Qualification Round 2 Hard: ParkingSequences
Consider the problem backwards. The last car produced anywhere between 0 and N-1 collisions and then it parked in the last empty spot. Before that car we had a contiguous segment of N-1 parked cars. Which one of them was parked last? We can try all possibilities. Each of them will give us a set of solutions, and these sets are clearly disjoint so we can simply sum their sizes.
Suppose the last car parked in the segment was at 0-based index r along the segment. This car produced between 0 and r collisions, inclusive. Before this car, we had (at most) two separate segments of consecutive parked cars: one consisting of r cars, the other consisting of n-2-r cars.
The most important observation of this problem is that these two segments are now completely independent: all cars that are parked in the first one must have “lived all their life” within the first one and vice versa.

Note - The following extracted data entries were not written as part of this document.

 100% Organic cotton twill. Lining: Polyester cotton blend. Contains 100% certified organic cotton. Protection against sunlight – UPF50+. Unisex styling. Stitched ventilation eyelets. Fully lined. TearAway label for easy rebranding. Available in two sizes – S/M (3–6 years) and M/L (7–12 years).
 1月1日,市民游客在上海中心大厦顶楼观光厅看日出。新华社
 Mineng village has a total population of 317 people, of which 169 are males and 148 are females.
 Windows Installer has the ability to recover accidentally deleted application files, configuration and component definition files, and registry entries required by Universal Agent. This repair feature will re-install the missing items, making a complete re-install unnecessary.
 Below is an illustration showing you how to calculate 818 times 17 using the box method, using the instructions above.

Thus, we will solve the task as follows:
- For each k from 0 to n-1 and each c, we will find dp[k] = the count of parking sequences of length k on a line that have length k and exactly c collisions.
- Our final solution is then computed as follows: we have N options where the last car parked, and once we fix that we can iterate over all possibilities for the number c of collisions this car caused and then we know that there are exactly dp[n-1][B-c] parking sequences of length n-1 that can be extended into a full solution of this type.

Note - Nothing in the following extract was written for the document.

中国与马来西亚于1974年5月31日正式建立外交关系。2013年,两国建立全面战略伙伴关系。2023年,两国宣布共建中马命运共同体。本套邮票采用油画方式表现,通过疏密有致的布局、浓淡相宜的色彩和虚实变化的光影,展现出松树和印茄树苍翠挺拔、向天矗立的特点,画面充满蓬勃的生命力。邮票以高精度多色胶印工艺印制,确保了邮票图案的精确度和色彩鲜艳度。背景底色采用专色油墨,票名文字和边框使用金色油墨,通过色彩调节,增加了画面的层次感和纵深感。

Computing the values dp[k] has a main idea similar to the hard problem of the previous round (which is precisely why these two problems were used in two consecutive rounds with the same participants). When counting these sequences, we can iterate over all r. Once we fix r (the place where we split the segment), we can take any solution for the left part, any solution for the right part, and we can interleave them arbitrarily.
A naive implementation of this DP would require also iterating over the number of collisions in each subproblem. We will now show a slightly smarter iteration order that saves one degree in the time complexity polynomial.

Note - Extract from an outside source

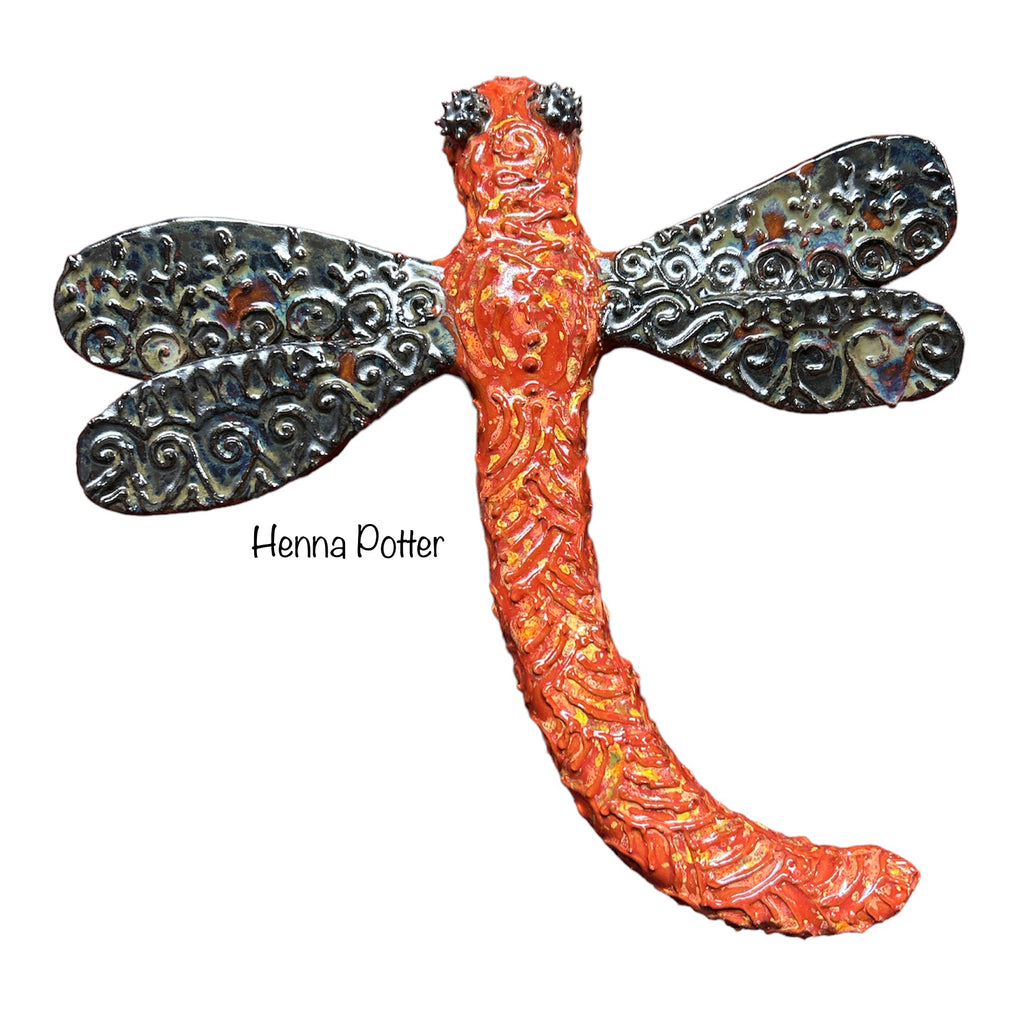 Hand-built dragonfly wall sculpture. 10” long x 9.5” wide. Slip trailed textures by piping clay free-hand on the dragonfly when the clay is still drying. The dragonfly was glazed with reddish orange for the body and moonlit mirror on the wings and eyes. Fired to cone 04. Ready to hang on the wall.

Suppose we already know all the values dp[k’] for k’ < k. We will now compute all values dp[k]. We will initialize all of them to zeros and now we’ll proceed as follows:
For each r, for each c1, for each c2: we can take any of the dp[r][c1] solutions for r cars and c1 collisions and combine it with any of the dp[k-1-r][c2] solutions for k-1-r cars and c2 collisions in binomial[k-1][r] ways. Let X be the product of those three values, i.e., the number of ways to park the first k-1 cars and produce c1+c2 collisions while we do so. Once we pick any one of those X ways, we have r+1 options for where the last car started. These produce 0, 1, …, r new collisions. Thus, we want to increase each of the values dp[k][c1+c2] to dp[k][c1+c2+r] by X. Instead of doing this in linear time, we can do it in constant time by just making two notes: “do +X starting at c1+c2 collisions” and “do -X starting at c1+c2+r+1 collisions”.
Once we finish iterating over all (r,c1,c2) we then fill in all values dp[k] in increasing order of c in linear time by looking at those notes.